For any given amount of work, there is at least one order of doing that work which is the most efficient.
If there are dependencies with the sub-tasks, then there is at least one order of doing the work that is least efficient.
For any two tasks, there may be obvious dependencies, but there may be non-obvious secondary ones as well. If one task requires speed and the other requires strength, even though they do seem to be unrelated, there could be issues like muscle fatigue or tiredness of a person if they are the same one for both tasks.
With most tasks, most of the time, you should assume there are known and unknown dependencies, which means there is very likely, almost always, a most-efficient set of orderings. Assume it is rare for this not to be the case.
For any given dependency, its effect is to reweight the effort needed for both tasks. Doing the one task first means the second one will now take a little longer. We refer to this as friction on the second task.
Like dependencies, there is obvious friction and then non-obvious friction. If you do some task and many of the lower sub-tasks take a little longer, but you don’t know why, there is some non-obvious friction happening, which indicates that there are some non-obvious dependencies involved.
All this applies heavily to software development. When building a big system, there are ways through all of the tasks that are more efficient than others. From experience, the difference is a multiplier. You could spend 3x more effort building it one way than some other way, for example. In practice, I have seen much higher multipliers, like 10x or even crazy ones like 100x.
It’s sometimes not obvious, as large projects span long periods and have many releases in between. You’d have to step back and observe the whole lifecycle of any given project to get a real sense of the damage that some more subtle types of friction have caused.

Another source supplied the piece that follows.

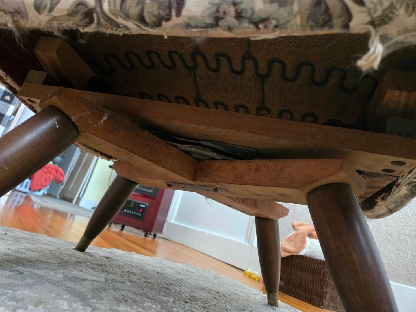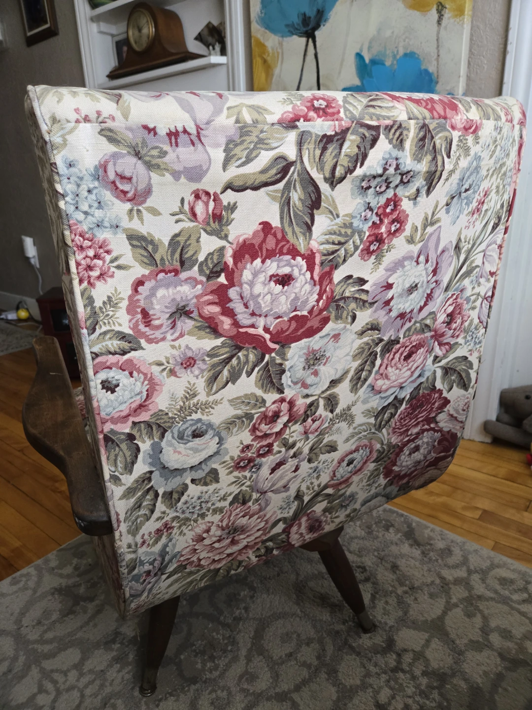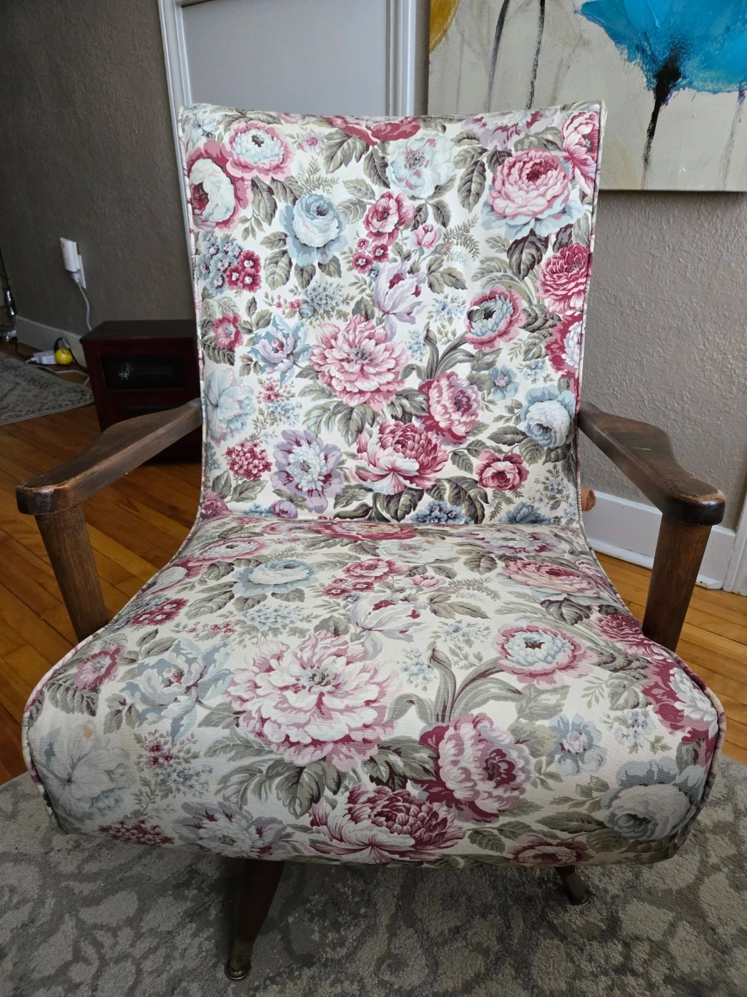 Selling a vintage rocking armchair with a beautiful floral pattern. The chair features wooden armrests and legs. It's a unique piece that would add a touch of retro charm to any room!

But the roots of the friction are often the same. Someone is trying to do one task that is dependent on another one before the foundational task is completed. Which means that changes to the lower task as it goes are causing extra work for the higher one.

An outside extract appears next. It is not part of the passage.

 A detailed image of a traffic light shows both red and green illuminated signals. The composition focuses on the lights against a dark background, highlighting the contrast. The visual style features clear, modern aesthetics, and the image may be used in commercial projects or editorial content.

We can skip over architectural discussions about height and just simply assess whether one piece of code or data depends on another piece of code or data. That is a dependency which, when handled out of order, creates friction.
Overall, it always means that you should build things from the bottom up. That would always be the most efficient way of getting through the tasks. Practically, that is not always possible, at least overall, but it is often possible within thin verticals in the system. If you add a new feature, it would be most efficient to address the modelling and persistence of the data first, then gradually wire it in from there until you get to the user interface. What might have driven the need for such a feature was the user experience or their domain problems, and that analysis is needed before the coding starts, which is top/down. But then after that, you flip the order for the implementation to bottom-up, and that would be the fastest that you can make it happen.

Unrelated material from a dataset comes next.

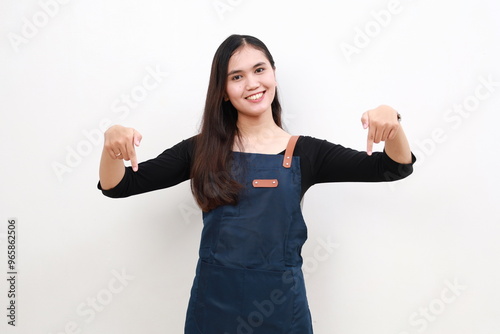 Friendly asian barista in blue apron pointing fingers down, showing your logo banner, standing over white background

That the order is flipped depending on the stage is counterintuitive, which is why it is so controversial. But if you work it back from the first principles above, you can see why this happens.
In development, order is important. If you do build too slowly, that spins off politics, which often starts to further degrade the order, so getting control of this is vital to getting the work out as efficiently and smoothly as possible. Most people will suggest inefficient orders, based on their own understanding, so it is better to not let it be in the hands of most people.